## RAW DATA
──────────────────────────────

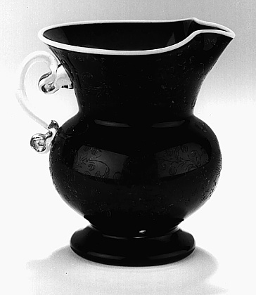 Helder blauw glas, helder kleurloos glas, opaak wit glas. Ingestoken bodem. Conische voet, overgaand in bolvormig lichaam met wijde conische hals en ingeknepen tuit. S-vormig oor van kleurloos glas, de uiteinden spiraalvormig ingerold. Op lichaam en hals een vogel, bloem- en bladranken. Op halsrand een witte glasdraad.
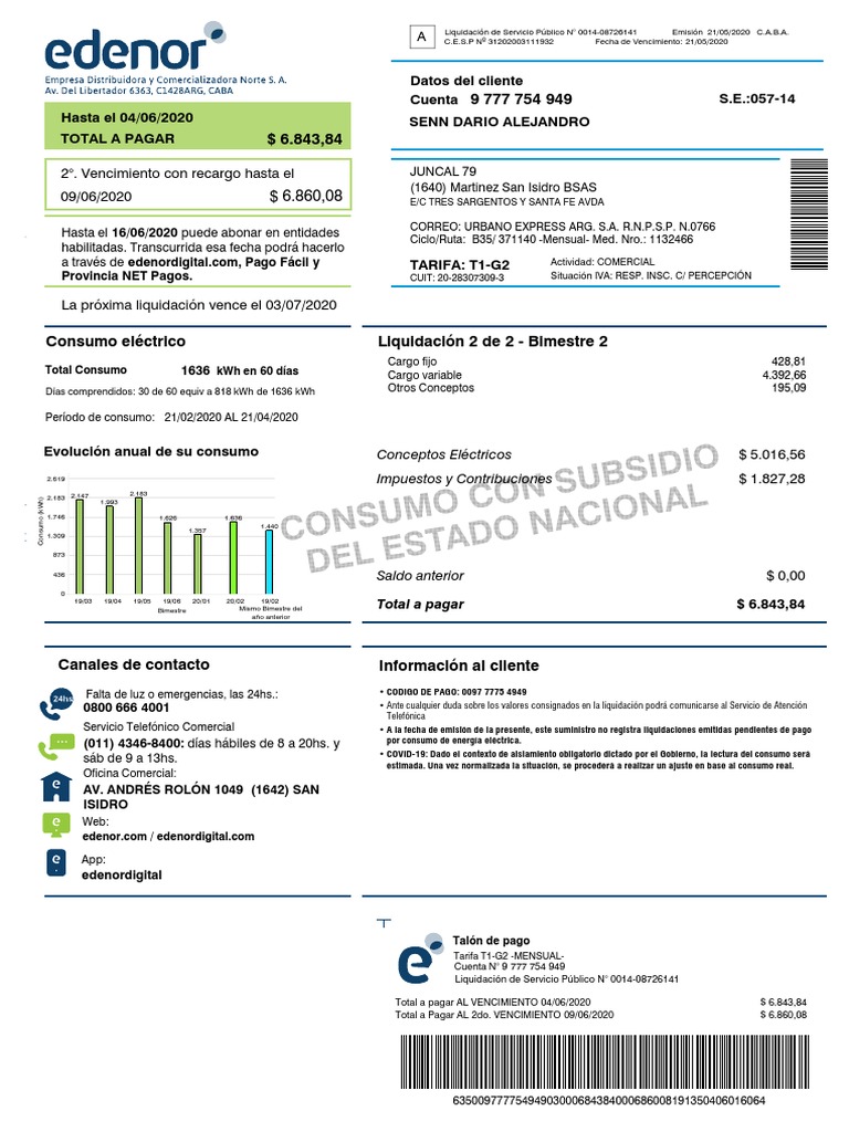 Edenor no se hace responsable por pagos realizados fuera de los medios indicados en esta factura. • Tigre Buenos Aires 732, Gral. Pacheco
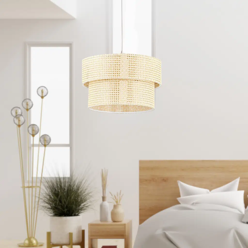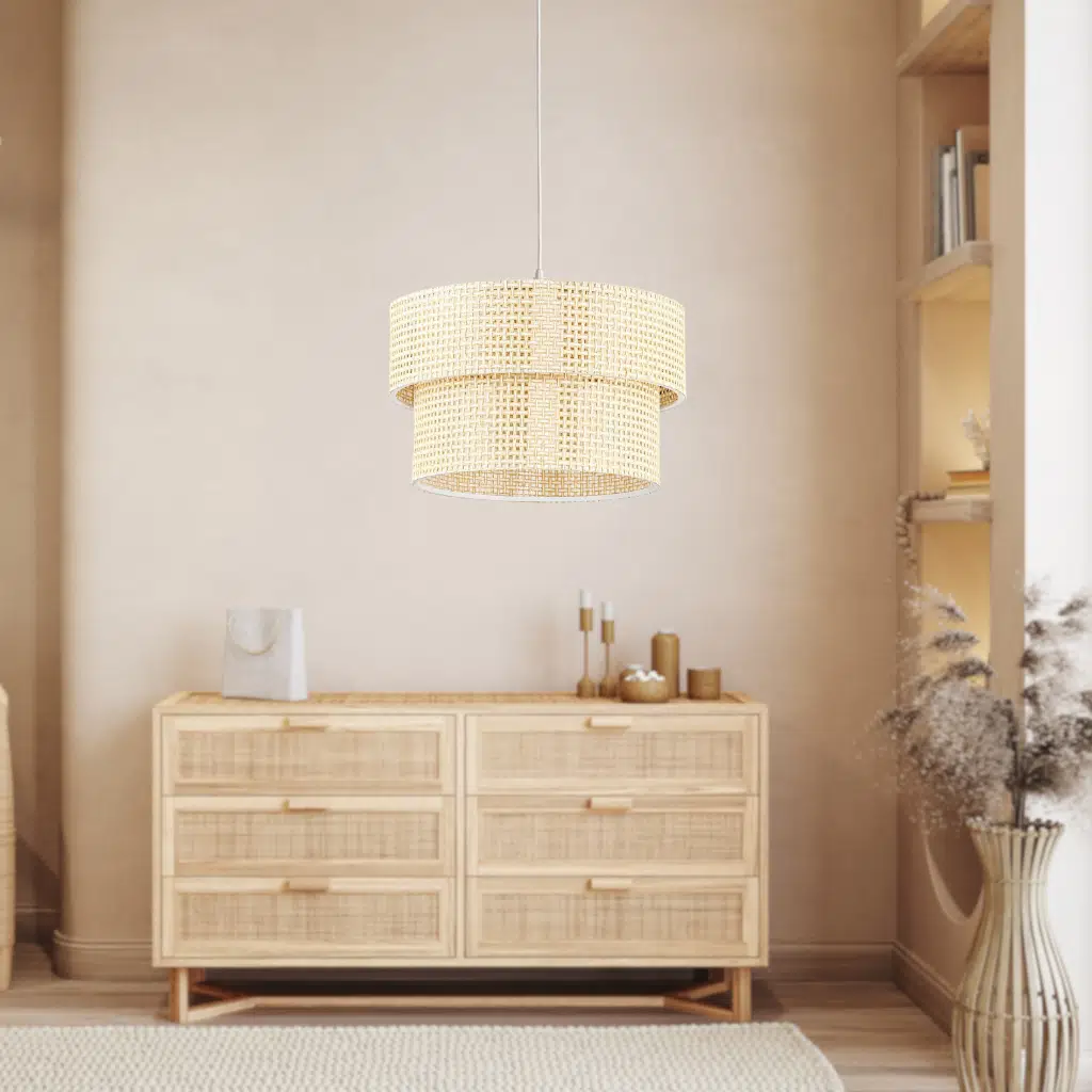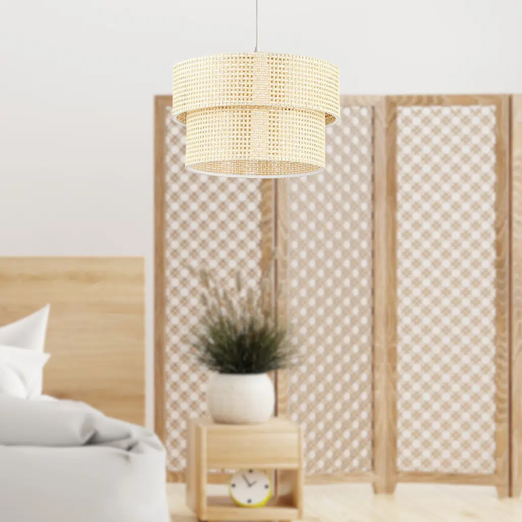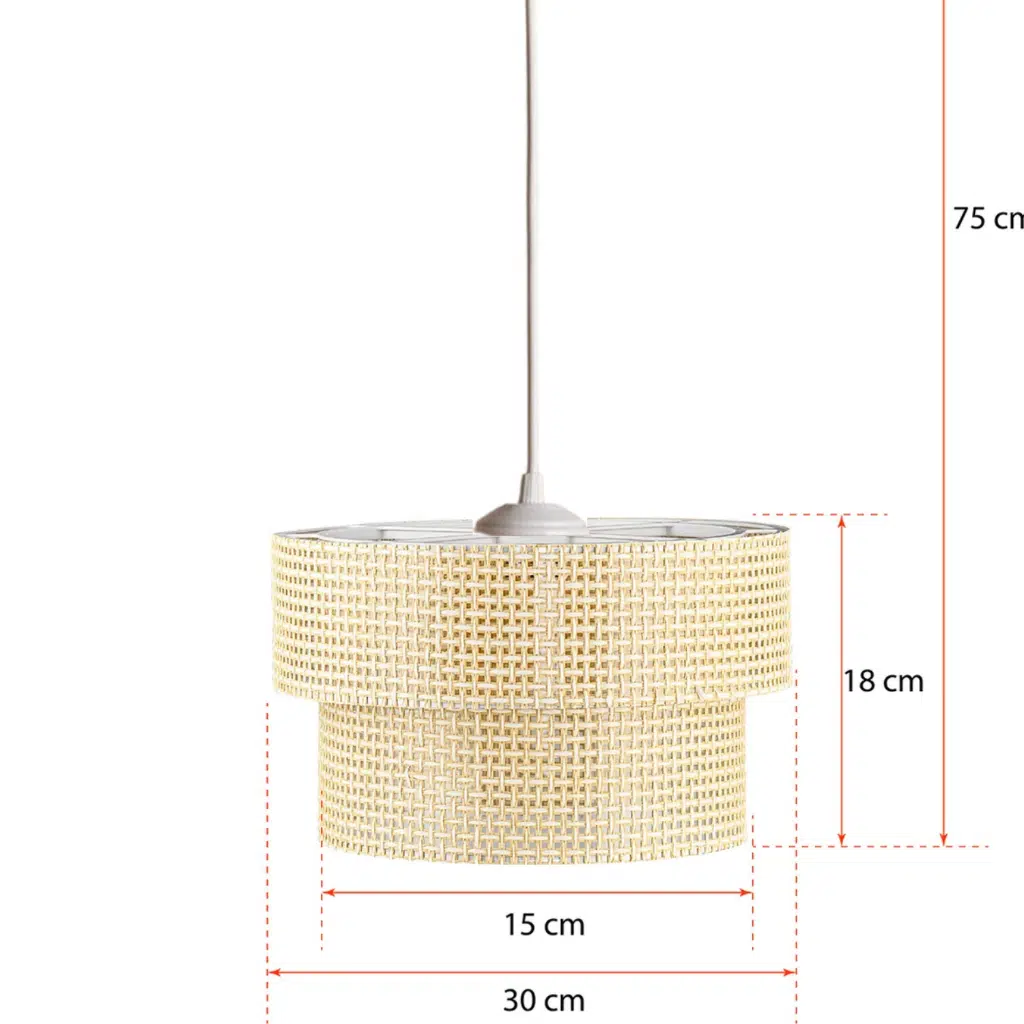 Orjinal hasırla kaplanmış aydınlatma malzemesi ile yapılmıştır. Aralardaki boşlulardan harika şekilde ışığı yansıtırken kullanılan alana dekoratif ve otantik bir hava katar.
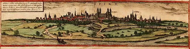 En 1689, lors des guerres de Succession du Palatinat, la cathédrale et la ville sont presque totalement incendiées par Ezéchiel de Mélac et les troupes françaises de Louis XIV, les tombeaux des empereurs étant alors profanés. Dix ans après, les habitants sont autorisés à se réinstaller dans la ville détruite. Tous les bâtiments historiques sont construits lors de cette période, à partir de 1700, comme la mairie, l’église de la Trinité, la maison des marchands sur la place de l’ancien marché et de nombreuses maisons bourgeoises.

──────────────────────────────

## PROBLEM STATEMENT
Retype the whole listing above exactly as written. Skip the pictures.

## RESPONSE
 Helder blauw glas, helder kleurloos glas, opaak wit glas. Ingestoken bodem. Conische voet, overgaand in bolvormig lichaam met wijde conische hals en ingeknepen tuit. S-vormig oor van kleurloos glas, de uiteinden spiraalvormig ingerold. Op lichaam en hals een vogel, bloem- en bladranken. Op halsrand een witte glasdraad.
 Edenor no se hace responsable por pagos realizados fuera de los medios indicados en esta factura. • Tigre Buenos Aires 732, Gral. Pacheco
 Orjinal hasırla kaplanmış aydınlatma malzemesi ile yapılmıştır. Aralardaki boşlulardan harika şekilde ışığı yansıtırken kullanılan alana dekoratif ve otantik bir hava katar.
 En 1689, lors des guerres de Succession du Palatinat, la cathédrale et la ville sont presque totalement incendiées par Ezéchiel de Mélac et les troupes françaises de Louis XIV, les tombeaux des empereurs étant alors profanés. Dix ans après, les habitants sont autorisés à se réinstaller dans la ville détruite. Tous les bâtiments historiques sont construits lors de cette période, à partir de 1700, comme la mairie, l’église de la Trinité, la maison des marchands sur la place de l’ancien marché et de nombreuses maisons bourgeoises.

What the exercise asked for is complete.